Searching high and low I just can't seem to find a wooden load soap mold with a silicone liner anywhere within Canada. My Google-Fu is failing me!

I would love a 5lb mold (or between 3 and 5) like what NurtureSoap Supplies has (link below) but the shipping costs about as much as the mold ($43 shipping, $47 mold).

http://www.nurturesoapsupplies.com/5-pound-basic-soap-mold/

Is there any place in Canada (preferably Ontario) where I can find decent wood soap molds with a liner?

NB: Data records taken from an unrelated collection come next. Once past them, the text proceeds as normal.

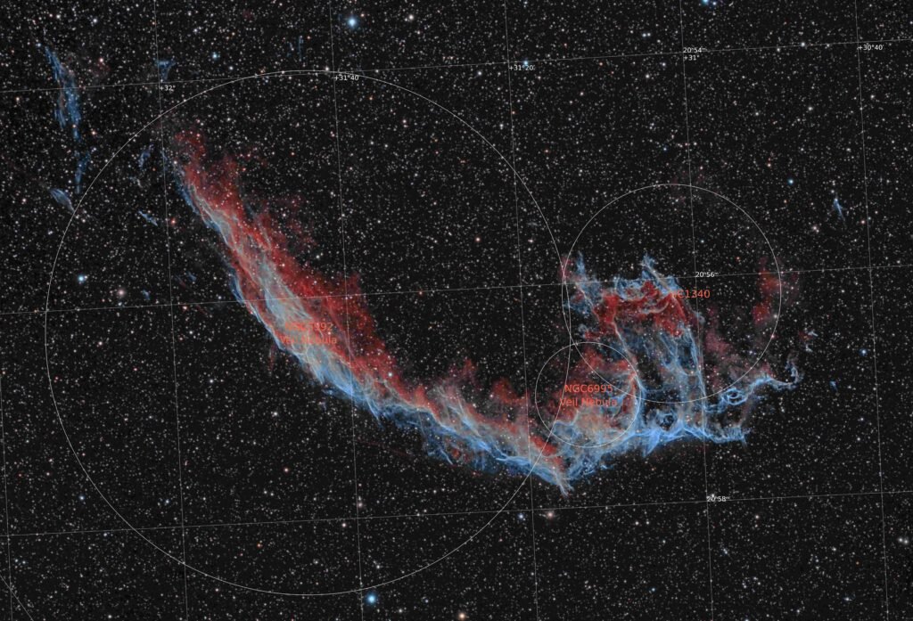 Diverse Teile des Überrests haben verschiedene NGC- und IC-Nummern. So gehören die Objekte NGC 6960, NGC 6974, NGC 6979, NGC 6992, NGC 6995 und IC 1340 alle zur selben Struktur.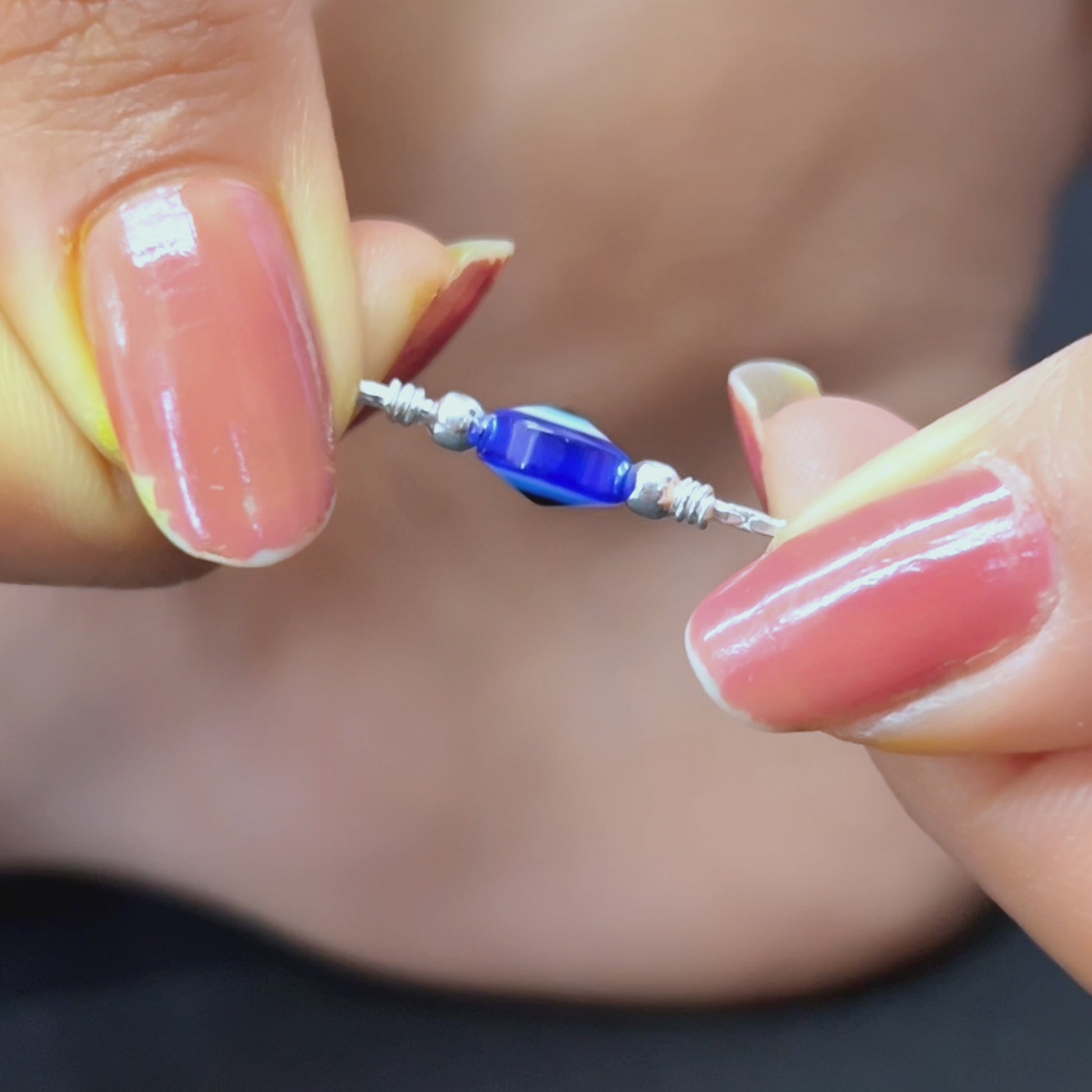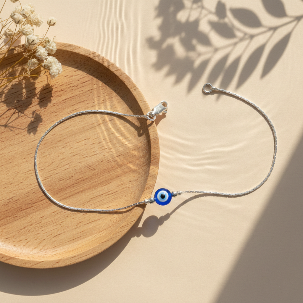 Silver Evil Eye Blue Bead Minimal Anklet for Women & Girls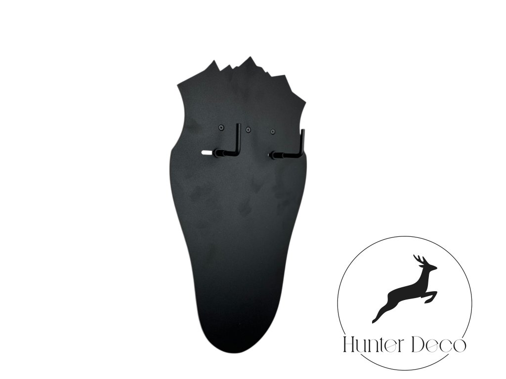 Nástěnný držák na jelení trofej je navržen pro bezpečné, stabilní a estetické vystavení i rozměrných jeleních trofejí. Moderní konstrukce doplněná o dekorativní siluetu hor vytváří výrazný vizuální prvek, který podtrhne charakter trofeje i celého interiéru.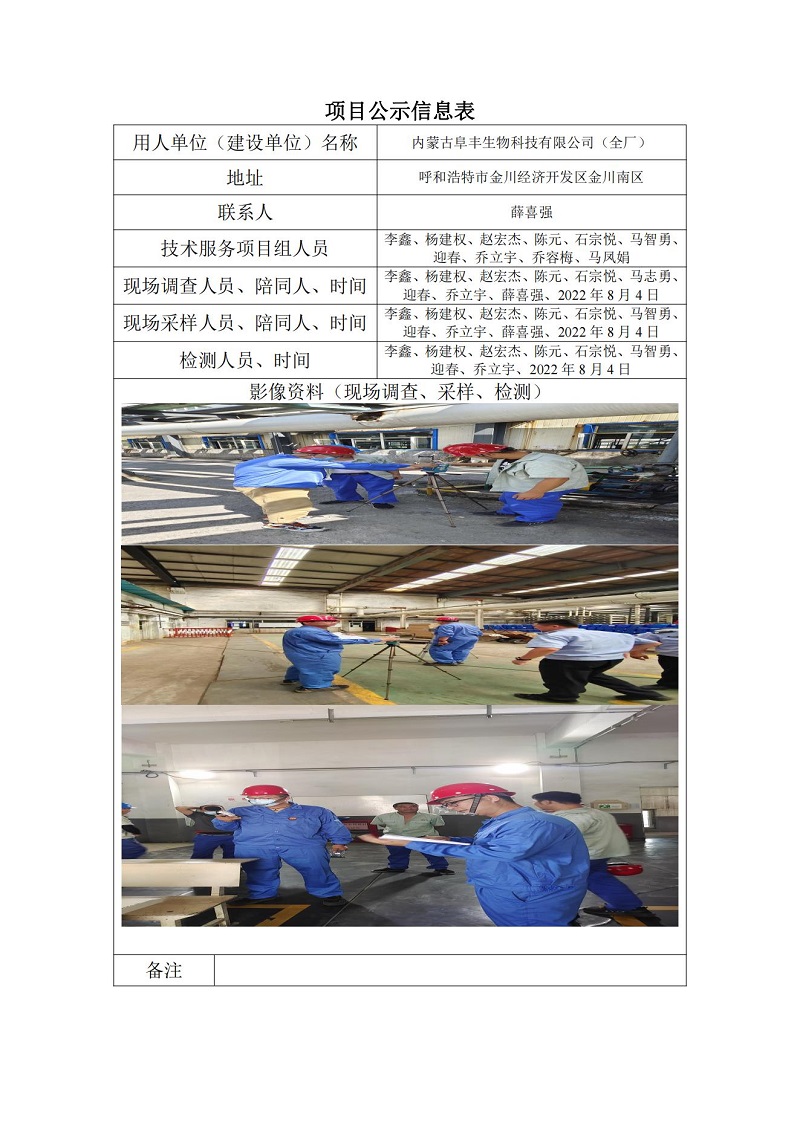 內(nèi)蒙古阜豐生物科技有限公司(全廠)定期檢測項目公示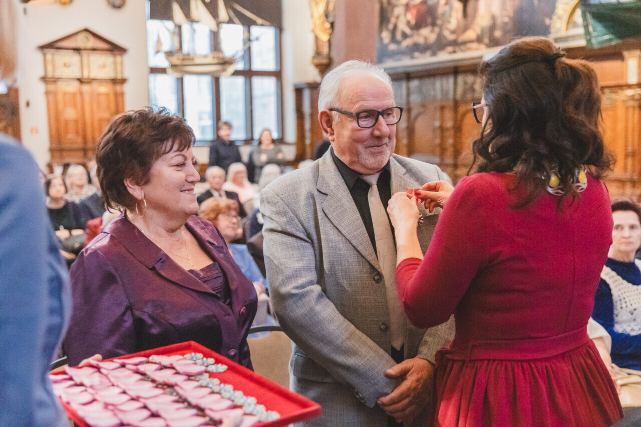 Gdańsk. Dwór Artusa. Jubileusz Par Małżeńskich - Złote Gody, podczas których Prezydent Gdańska Aleksandra Dulkiewicz wręczyła medale za długoletnie pożycie małżeńskie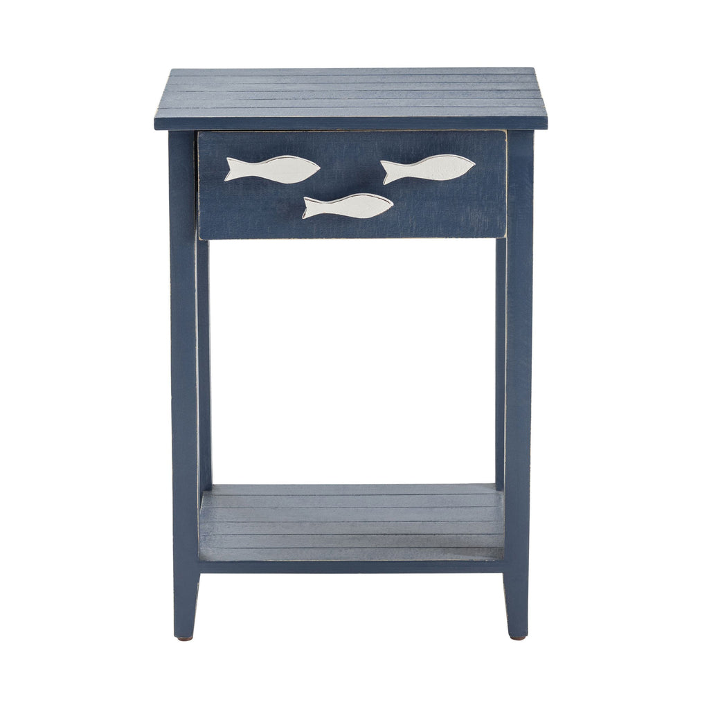 The deep blue sea is here in the Crestview Collection Nautical Navy 1-drawer Accent Table with Fish Hardware. This piece offers a deep blue fir wood finish that evokes the deep sea, and one hand storage drawer with lovely white fir wood finish drawer pulls for a splash of brightness. This piece radiates the energy of the ocean, with coastal style that brings a cheery feel to any room you choose.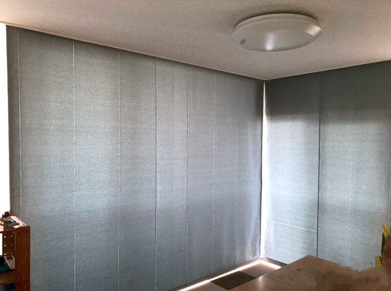 大きなコーナー窓でカーテンだとボリュームが出てしまうため、今回はシェードに吊替えることになりました。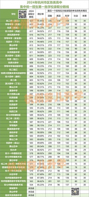 可以看出,杭州老“前八所重高”的格局已被打乱。近几年来,余杭高级中学、萧山中学、富阳中学等校面向主城区进行双向等额招生以来,成绩和口碑都不错,分数线也有所上升。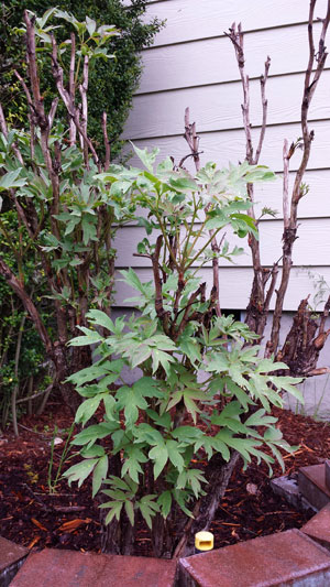 Below is the Giant Peony survived for Second Year, with few leaves and buds....no.....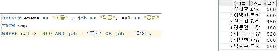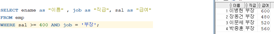 ์ด๋ค. ์ ์ ๋ฐฐ์ ๋ ๋ฐ์ดํฐ ๋ฒ ์ด์ค ํ ์ด๋ธ์์ ๊ธ์ฌ๊ฐ 500 ์ด์์ธ ์ฌ๋๋ค๋ง ์ถ๋ ฅ์์ผ ๋ณด์.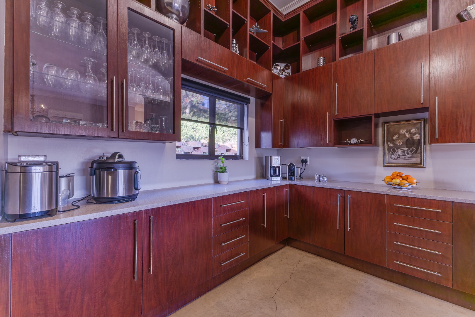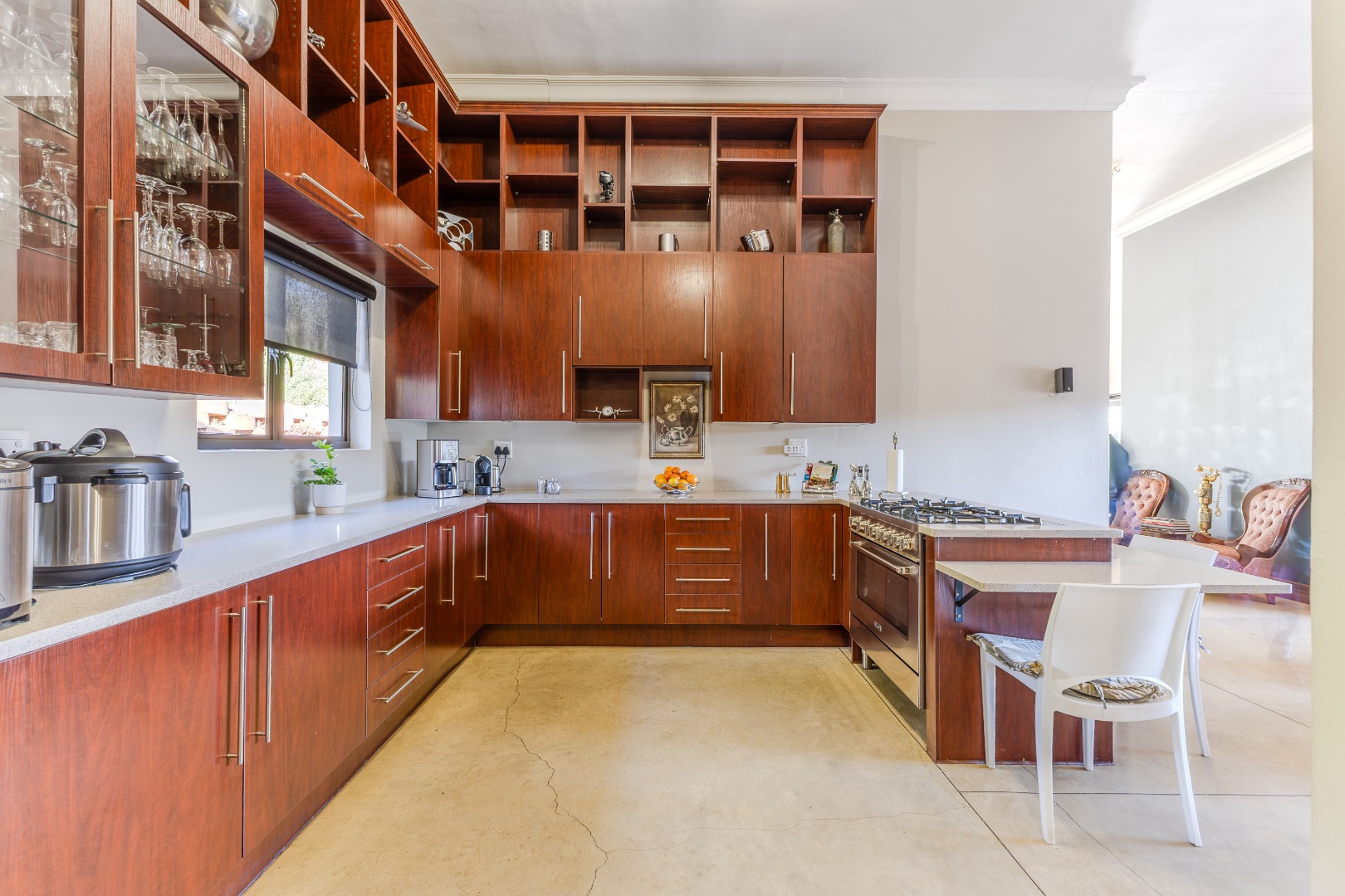 Gourmet kitchen with blue-pearl granite counters, solid beach-wood cabinetry, gas stove, induction hob, thermo-fan electric oven, and walk-in pantry.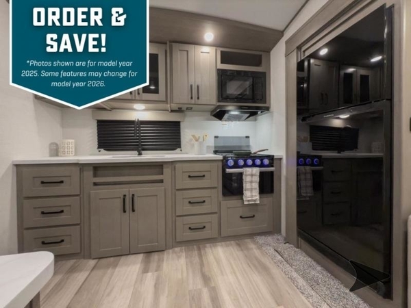 This rear kitchen fifth wheel is sure to meet all of your camping needs! Since the exterior length is only 26' 11", you can easily maneuver in and out of campgrounds. The rear kitchen includes ample counter space to prep meals, a three burner cooktop, and overhead storage for all your necessities. There is a 10 cu. ft. 12V refrigerator within the slide out that also includes the theater seating, and the U-shaped dinette provides a place to dine or play a card game. You will appreciate having convenient storage by the entry door, along with pull-out pet bowls, a functional wardrobe closet in the bedroom and an exterior pass-thru for belongings and camping gear. When you're ready to turn in for the night, the queen bed is sure to bring a great night's rest, while your guests sleep on the booth dinette or optional tri-fold sofa if you replace the theater seating!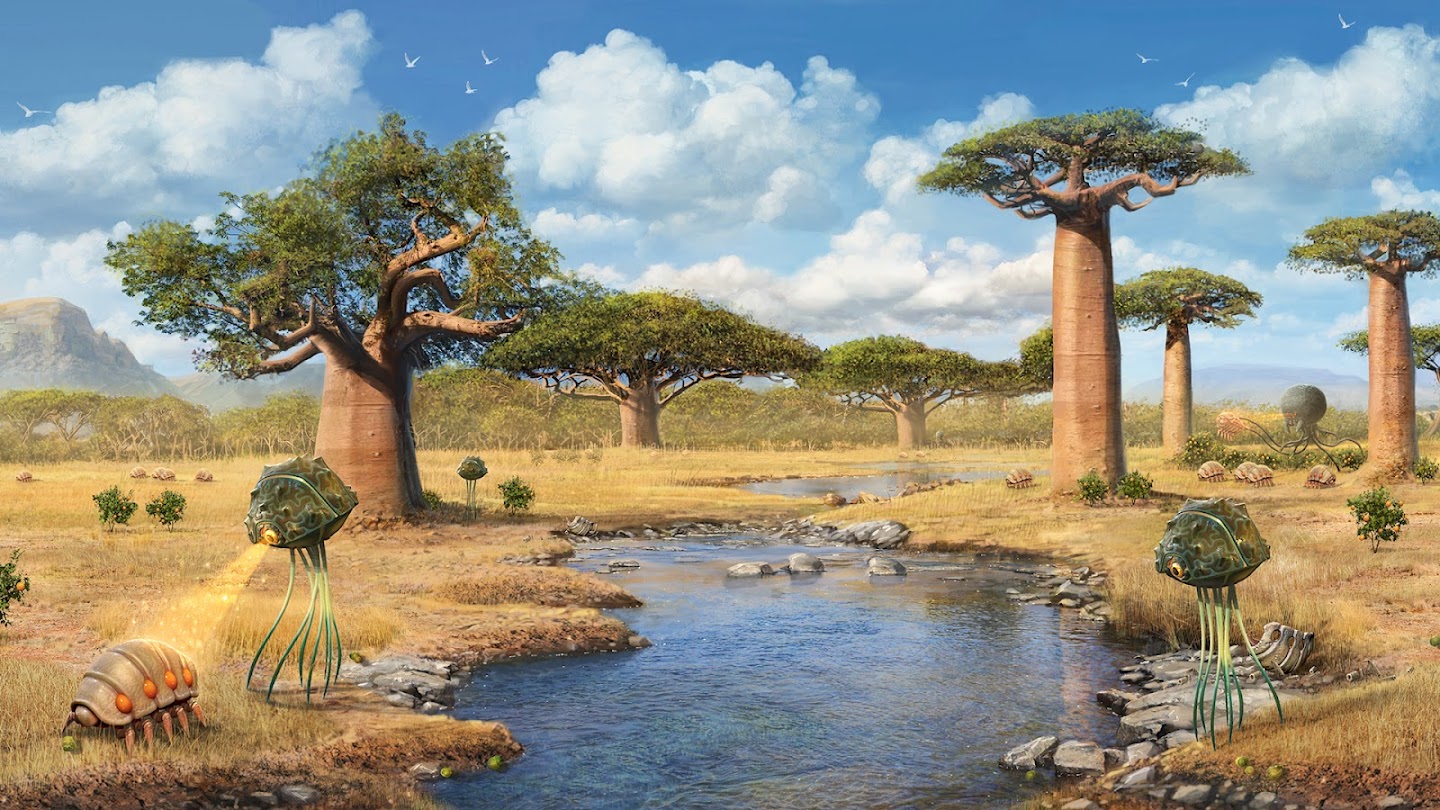 Genie 2 can also be prompted with real world images, where we see that it can model grass blowing in the wind or water flowing in a river.

I'm not interested in HDPE soap molds either. I have two wood soap molds that I line myself with freezer paper but I completely suck at lining (and are also starting to warp) and would like to treat myself!


----------



## minipops (Dec 7, 2014)

Don't know if this will help you.  Nurture soap supplies has a Canada division.  Don't know how much shipping will cost, though.
http://www.nurturesoap.ca/soap-molds/


----------



## lizvang (Dec 8, 2014)

minipops said:


> Don't know if this will help you.  Nurture soap supplies has a Canada division.  Don't know how much shipping will cost, though.
> http://www.nurturesoap.ca/soap-molds/



Thanks! A savings of about $33 which is better than a kick in the pants.

$153.00 USD at the US site ($175 CAD)
$141.84 CAD at Canadian site

That's for 2 x 5 lb. basic soap mold with liner + shipping.


----------